Gramsci was one of the most influential Marxist thinkers of the 20th century, and a particularly key thinker in the development of Western Marxism. He wrote more than 30 notebooks and 3,000 pages of history and analysis during his imprisonment. These writings, known as the Prison Notebooks, contain Gramsci's tracing of Italian history and nationalism, as well as some ideas in Marxist theory, critical theory and educational theory associated with his name, such as:

Cultural hegemony as a means of maintaining and legitimising the capitalist state
The need for popular workers' education to encourage development of intellectuals from the working-class
An analysis of the modern capitalist state that distinguishes between political society, which dominates directly and coercively, and civil society, where leadership is constituted through consent
Absolute historicism
A critique of economic determinism that opposes fatalistic interpretations of Marxism
A critique of philosophical materialism

Hegemony

Hegemony was a term previously used by Marxists such as Vladimir Lenin to denote the political leadership of the working-class in a democratic revolution.

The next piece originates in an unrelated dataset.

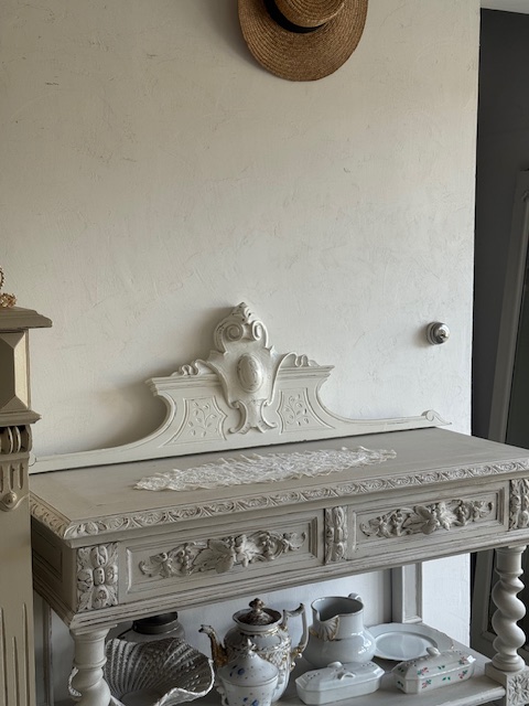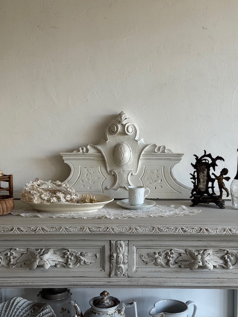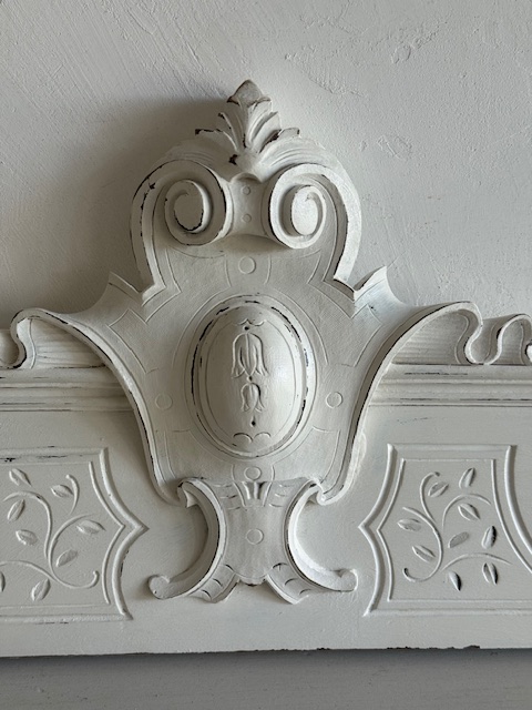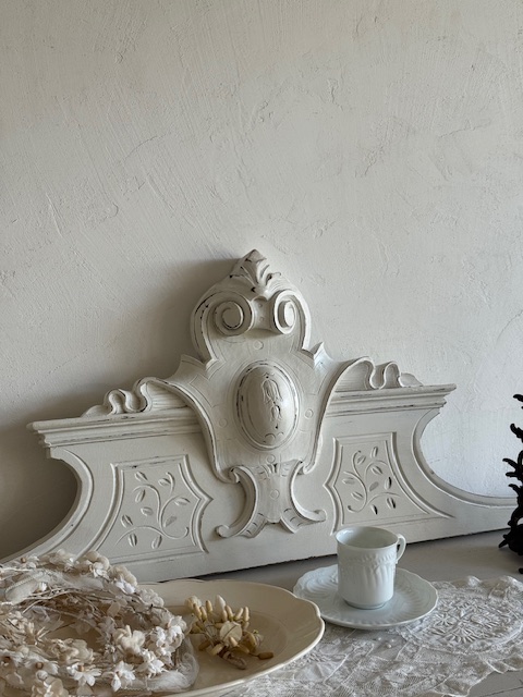 1900年初頭 フランスアンティークオフホワイト 木彫り装飾ヘッド

Gramsci greatly expanded this concept, developing an acute analysis of how the ruling capitalist class – the bourgeoisie – establishes and maintains its control.

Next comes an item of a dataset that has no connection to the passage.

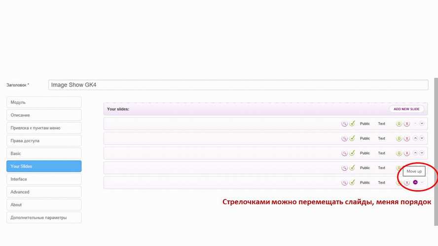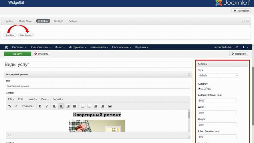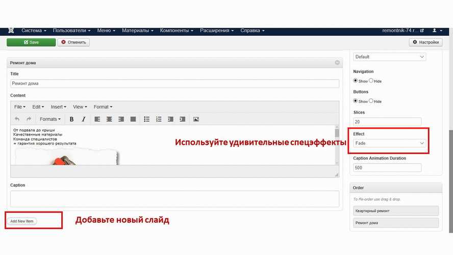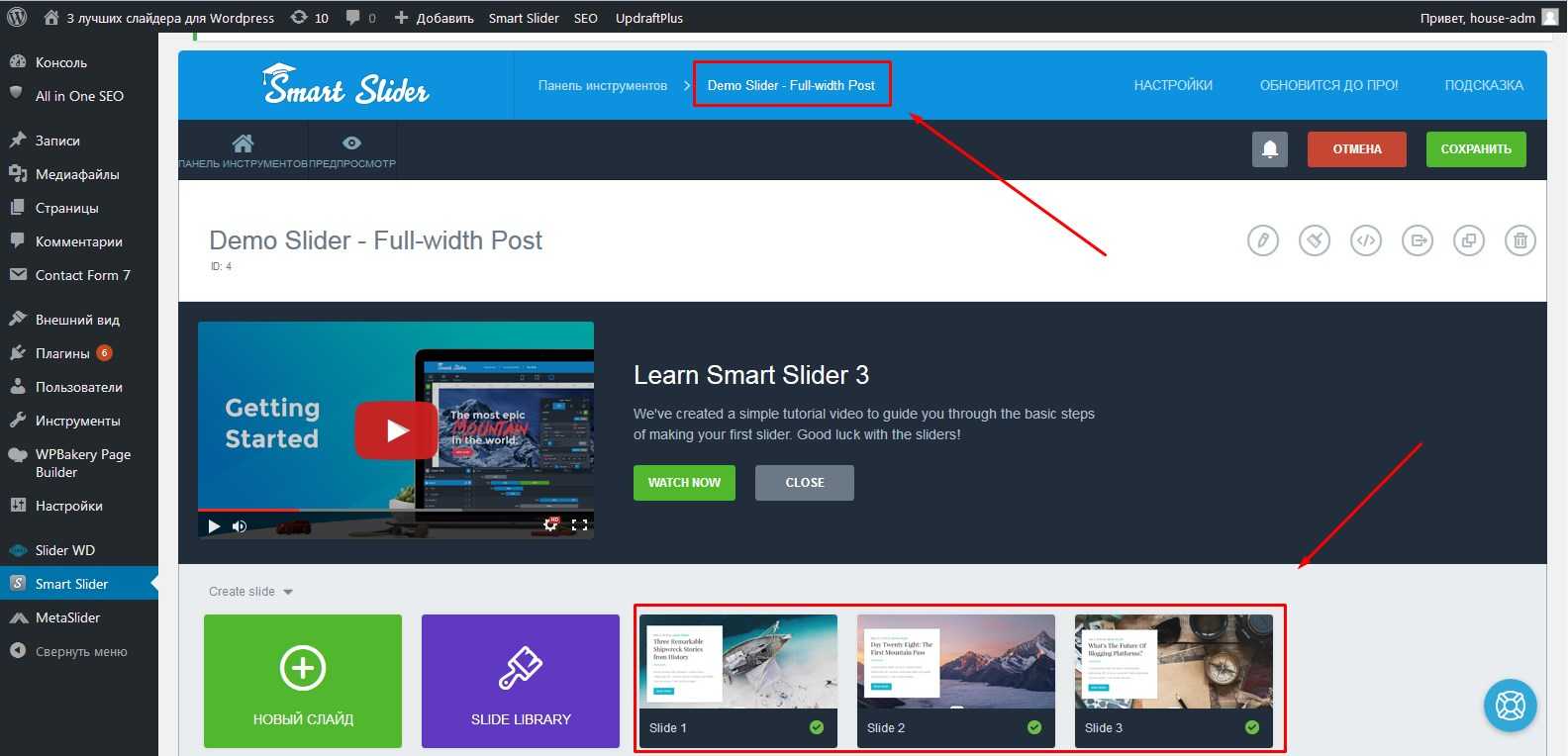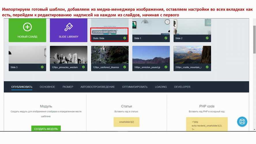 После того как слайдер будет импортирован, перед нами откроется страница редактирования и настройки.

Orthodox Marxism had predicted that socialist revolution was inevitable in capitalist societies. By the early 20th century, no such revolution had occurred in the most advanced nations. Rather, capitalism seemed more entrenched than ever. Capitalism, Gramsci suggested, maintained control not just through violence and political and economic coercion, but also through ideology. The bourgeoisie developed a hegemonic culture, which propagated its own values and norms so that they became the "common sense" values of all. People in the working-class (and other classes) identified their own good with the good of the bourgeoisie and helped to maintain the status quo rather than revolting.

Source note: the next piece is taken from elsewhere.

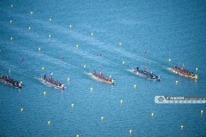 10月2日,柳州市融安县在融江长安水域举办龙舟大赛,庆祝国庆中秋佳节。200多支龙舟劲旅、4000余名运动员激情角逐,吸引近万名游客聚集两岸观赛助威。图为比赛现场。何华文 摄(广西云-广西日报)

To counter the notion that bourgeois values represented natural or normal values for society, the working-class needed to develop a culture of its own. Lenin held that culture was ancillary to political objectives, but for Gramsci, it was fundamental to the attainment of power that cultural hegemony be achieved first. In Gramsci's view, a class cannot dominate in modern conditions by merely advancing its own narrow economic interests; neither can it dominate purely through force and coercion. Rather, it must exert intellectual and moral leadership, and make alliances and compromises with a variety of forces. Gramsci calls this union of social forces a "historic bloc", taking a term from Georges Sorel. This bloc forms the basis of consent to a certain social order, which produces and re-produces the hegemony of the dominant class through a nexus of institutions, social relations, and ideas. In this way, Gramsci's theory emphasized the importance of the political and ideological superstructure in both maintaining and fracturing relations of the economic base.

Gramsci stated that bourgeois cultural values were tied to folklore, popular culture and religion, and therefore much of his analysis of hegemonic culture is aimed at these. He was also impressed by the influence that the Catholic Church had and the care it had taken to prevent an excessive gap developing between the religion of the learned and that of the less educated. Gramsci saw Marxism as a marriage of the purely intellectual critique of religion found in Renaissance humanism and the elements of the Reformation that had appealed to the masses. For Gramsci, Marxism could supersede religion only if it met people's spiritual needs, and to do so people would have to think of it as an expression of their own experience.

Intellectuals and education
Gramsci gave much thought to the role of intellectuals in society. He stated that all men are intellectuals, in that all have intellectual and rational faculties, but not all men have the social function of intellectuals. He saw modern intellectuals not as talkers, but as practical-minded directors and organisers who produced hegemony through ideological apparatuses such as education and the media. Furthermore, he distinguished between a traditional intelligentsia which sees itself (wrongly) as a class apart from society, and the thinking groups which every class produces from its own ranks "organically". Such "organic" intellectuals do not simply describe social life in accordance with scientific rules, but instead articulate, through the language of culture, the feelings and experiences which the masses could not express for themselves. To Gramsci, it was the duty of organic intellectuals to speak to the obscured precepts of folk wisdom, or common sense (senso comune), of their respective political spheres. These intellectuals would represent excluded social groups of a society, what Gramsci referred to as the subaltern.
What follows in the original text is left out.